Они двинулись на меня, но я не шевелился. Смысла все равно не было. Я знал, как быстро могут передвигаться лисы.
– Как же мы сейчас повеселимся, – сказал первый лис, широко оскалившись и обнажив влажные от слюны клыки. – Я всегда хотел узнать, каково это – убить человека. Но ты не переживай. Это расплата не только за Торквила, но и за все те охоты.
Я не стал говорить, что никогда не участвовал в охоте на лис, а вместо этого пробормотал «виновен по всем пунктам» и закрыл глаза.
Круг завершился не только в Колонии № 1. К тому моменту, когда взошла полная луна, каждый очеловеченный кролик вернулся домой. Несмотря на это, Найджел Сметвик приказал продолжать наступление на тот случай, если это какая-то кроличья уловка. Уловки не было, и пресса осмеяла его за «войну против кроликов», а потом вернулась к другим темам вроде внезапной отмены сериала «Катастрофа», или обсуждения того, какой Доктор Кто лучше – старый или новый, или кто что про кого сказал в Твиттере. К концу месяца Корпус королевских инженеров заминировал туннели, и все колонии превратились в дымящиеся развалины. Через год землю расчистили и снова отдали под сельское хозяйство.
В качестве прощального жеста и чтобы опровергнуть клеветников, говоривших, что у кроликов нет чувства юмора, кролики забрали лисов с собой. И сделали они это как раз вовремя, по крайней мере для меня. Мои пятеро палачей перевоплотились в шаге от меня и быстро убежали в кусты, сбитые с толку и напуганные. Однако, в отличие от кроликов, у лисов остались воспоминания об их прошлой жизни, и они много раз пытались проникнуть в эксклюзивные рестораны и гостиницы Лондона. Ресторану «Савой» пришлось нанять егеря, который за шесть недель прикончил пятьдесят восемь из них, и теперь в Глайндборне можно часто увидеть лисиц, с тоской смотрящих на исполнителей из леска поблизости.

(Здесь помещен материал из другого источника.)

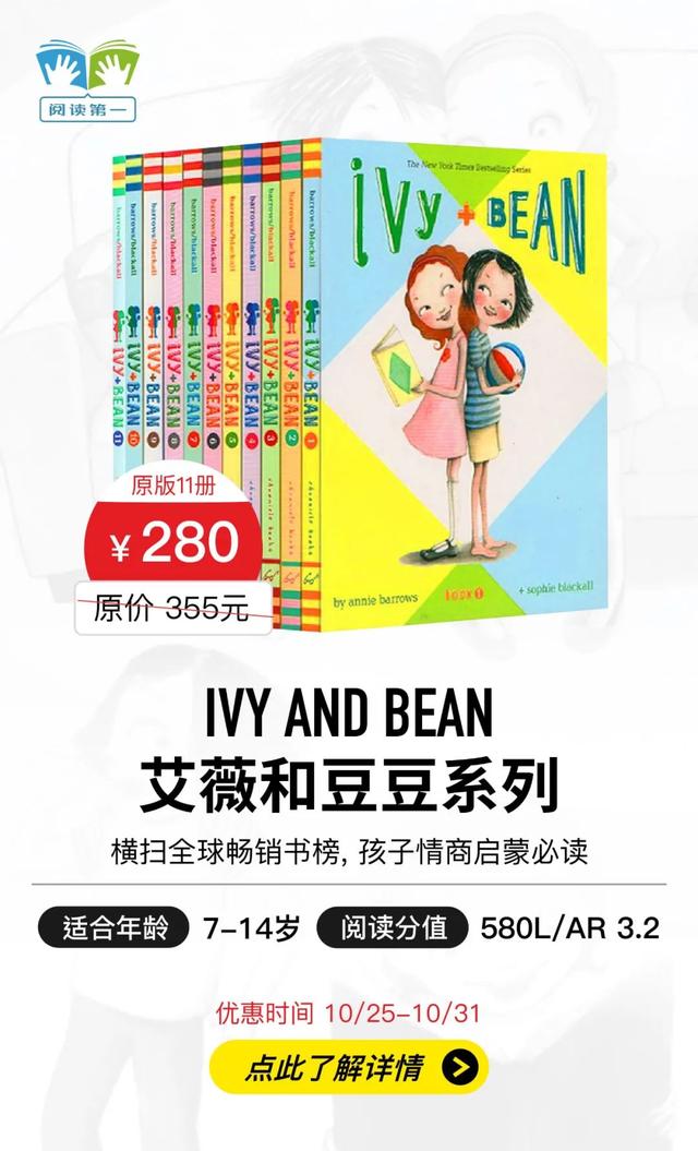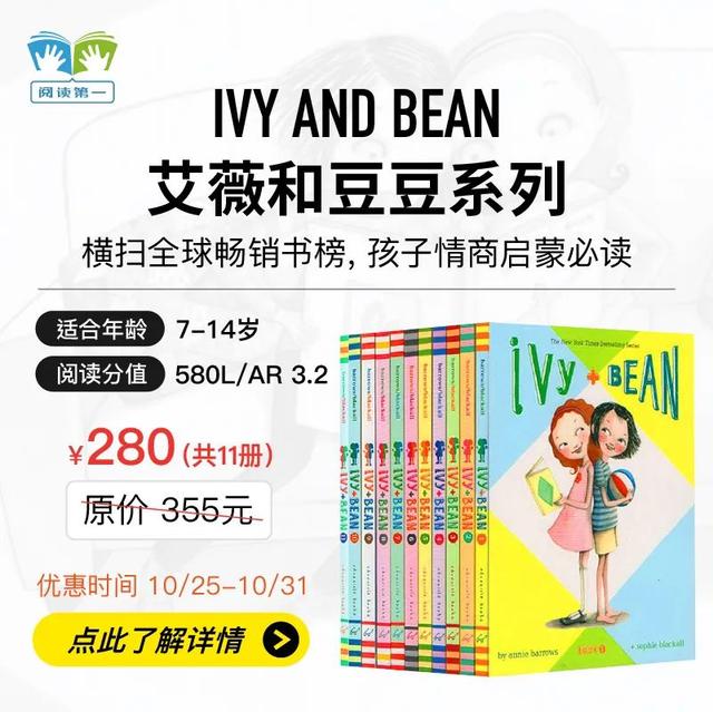 这次阅读第一推荐的是来自Chronicle出版社的,Ivy and Bean 原版11册套装,图书的设计非常精美。市场价是355元,阅读第一优惠价是280元包邮,我们为大家争取到了少量存货,手慢无。且赠送音频,购买后联系客服领取。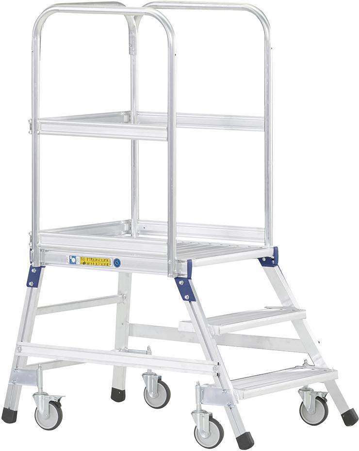 • Arbeitsplattform: geriffelt, 600 x 800 mm, mit dreiseitigem Sicherheitsgeländer (Höhe 1000 mm)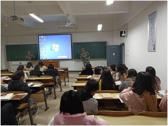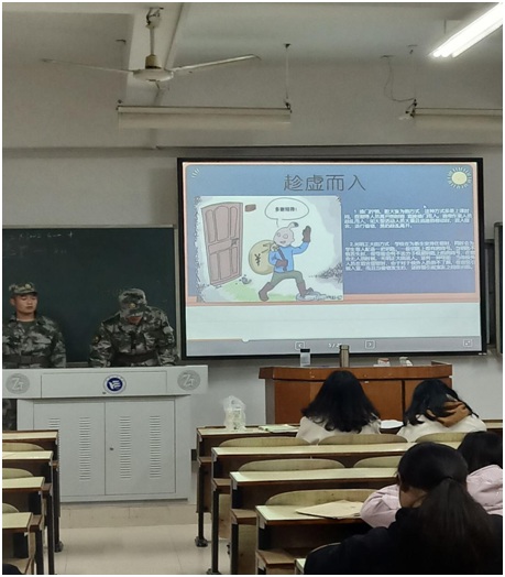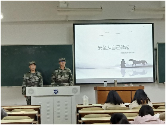 刚开始时,队员们都还没有走进门,教室里面便已经响起雷鸣班的掌声。这是对新校区校卫队的信任也是对他们的鼓励,对同学如此热情的掌声以及期待,队员们能够做的只有献上一次好的宣传来加强同学们的安全意识,为同学们的安全能够更好的得到保障。在做完自我介绍后队员邓淼用一套气势如虹,一气呵成的擒敌拳作为开场表演开始了他们的演讲。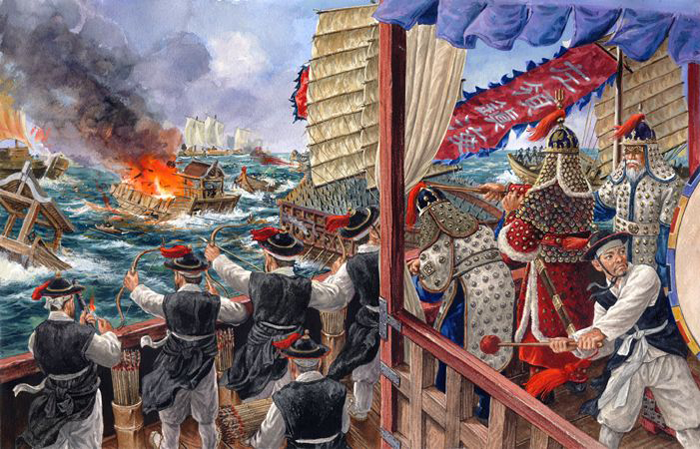 flota Coreana junto con la China, ambas comandadas por los almirantes Yi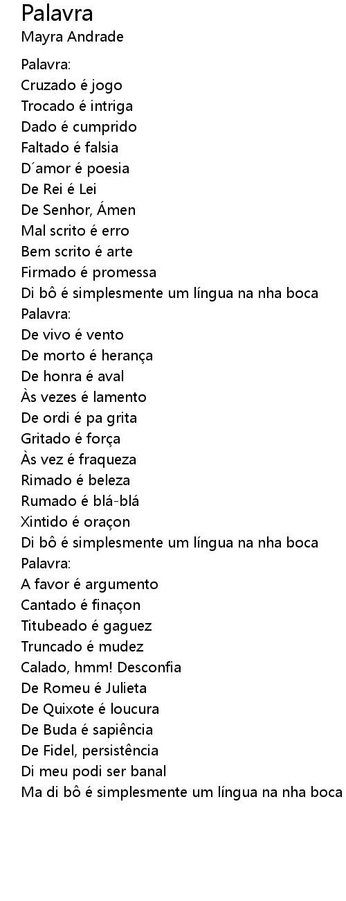 | Ma di bô é simplesmente um língua na nha boca |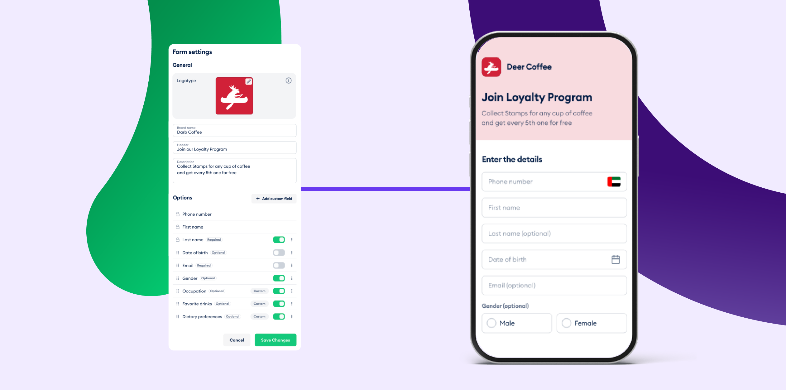 You can now fully customize the loyalty sign-up form. Collect the fields that actually matter to your business such as birthdays, emails, dietary preferences, favorite drinks, and more. Better data means better campaigns.

Не все животные перевоплотились. Через три года Фирьяли Слон избрали президентом Кении, и на протяжении последних шестнадцати лет она замечательно справляется с этой работой. Сейчас ее пример слоновьей политической системы преобразует Африку. В Соединенном Королевстве обратное Очеловечивание не затронуло далматинца и барсука, которые, как я слышал, до сих пор продолжают свое комедийное шоу «Пятна и полоски», все еще несмешное, но по-прежнему оригинальное. Выжившие морские свинки через десять лет были условно-досрочно освобождены, менее чем через неделю снова нарушили закон и теперь снова сидят. Адриан Куницын сменил имя на Артур Булстроуд, но ему это не помогло: его и всех остальных куниц до конца года нашли мертвыми при подозрительных обстоятельствах. Гусеница все еще находится в Музее естественной истории, и ей или ему еще предстоит перевоплотиться в бабочку. Что же касается пчел… Никто не знает, что стало с пчелами.
Последствия
Возвращение вызвало столько же вопросов, сколько и Очеловечивание. Шли годы, и возможность нового Очеловечивания будоражила умы всех тех, кто познал молчаливую простоту Кроличьего Пути. С каждым полнолунием появляется новая надежда. Мы наблюдаем, и мы ждем.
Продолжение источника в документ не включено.